Recorded between June 2010 and May 2012 in Orchestra Hall, Max M. Fisher Music Center, Detroit
CD No: NAXOS 8.559765
Duration: 67 minutes
Reviewed: December 2013
It’s good to once again hear Cindy McTee’s Circuits (1990) – Leonard Slatkin included it in a Philharmonia Orchestra (London) concert some years ago and it made and left an impression. Heralded by some industrial percussion, the orchestra is put through its paces in this five-minute outing – a miniature stuffed with notes! – in music full of unstoppable energy and hip-swinging rhythms. The Detroit Symphony Orchestra and its maestro are totally on top of this thrilling ride, which only stops when it hits the buffers with a bang, and the sound quality is exemplary.
The rest of the pieces are new to your reviewer, each one as dedicatedly performed and as vividly recorded as the brilliant opener. In her Symphony No.1: Ballet for Orchestra (2002), McTee (born in 1953) opens with an arresting idea, the Symphony’s first movement – ‘On with the Dance’ – full of rhythmic guile, some jazzy bass pizzicatos, a contrabassoon solo, and a magnetic build-up of emotion. There are four movements to this 30-minute Symphony, the slow one – ‘Till a Silence Fell’ – following without a break, intense, eloquent and touching nerves, and finding the DSO strings rich-sounding and compassionate. Those familiar with Ravel’s La valse will have no problem spotting its ghostly appearances in the next movement, ‘Light Fantastic’, a sinisterly witty number that seems gone before it starts, and after a short pause the finale, ‘Where Time Plays the Fiddle’, explodes into action and includes a ‘big band’ turn as part of its eventually-frenetic journey. McTee candidly reveals that the Symphony includes references to other music, not just Ravel, but by Beethoven, Barber, Penderecki, and Stravinsky; indeed, the emphatic three-chord motif that ends the work (and begins it, for that matter) might be heard as a big shout-out for “Rite of Spring”.
Einstein’s Dream (2004) is scored for “string orchestra, percussion, and computer music on CD” and opens with jingles that might indeed reflect Einstein’s contemplation of “space and time” and introduces a Bach chorale that is given with all the opulence of a Stokowski arrangement. Over 14 minutes the listener is beguiled (if not always understanding why) by paranormal flickers and customary tones, not least a romantic solo for violin.

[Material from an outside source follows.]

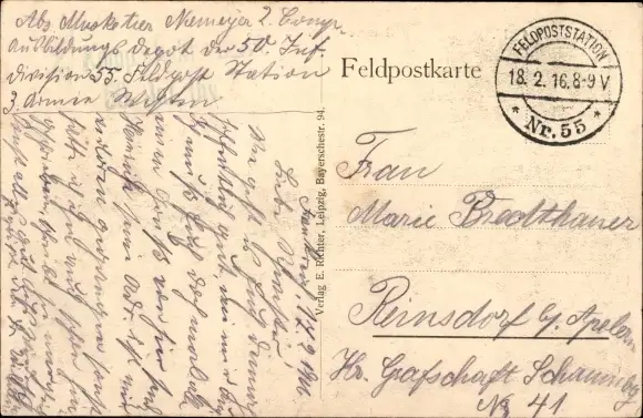 Zustand, siehe Scan, gelaufen, 1916 - ca 14 cm X 9 cm
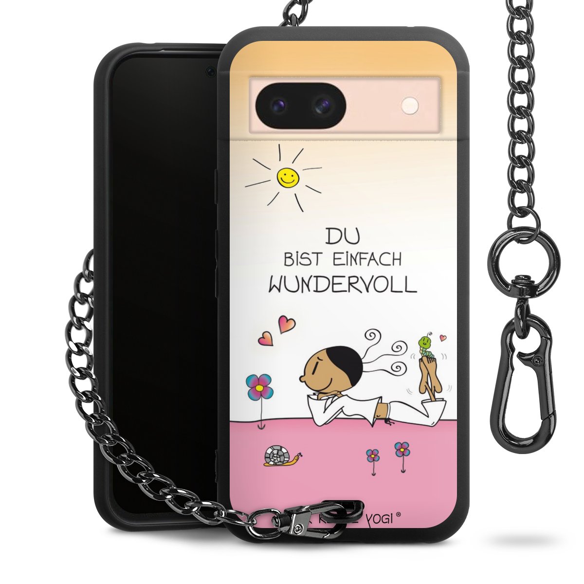 Die mattschwarze Silikon-Handyhülle besteht aus robustem TPU (thermoplastisches Polyurethan). Sie ist flexibel und schützt Dein Smartphone vor Stößen und Kratzern. Die Kette sowie der Karabinerhaken sind aus Metall in Gunmetal-Optik gefertigt. Für dieses Produkt kommen ausschließlich TÜV-geprüfte Materialien zum Einsatz.

In the two movements of Double Play (2010), the first turns a certain piece by Charles Ives on its titular head to give an ‘Unquestioned Answer’, McTee initially lulling the listener into a false sense of security before unleashing stentorian Ruggles-like brass chords (don’t miss his Sun-Treader if it comes your way), the music at its close interrupted by percussive clip-clops, the sound of time marching on as ‘Tempus Fugit’ is introduced, fast-paced, fractious and borrowing something a little fishy from the conductor (McTee's booklet note explains my play on words) before driving to the finishing post with tutta forza, the DSO playing like demons.
All in all, this enjoyable collection is a notable inclusion in Naxos’s “American Classics” series.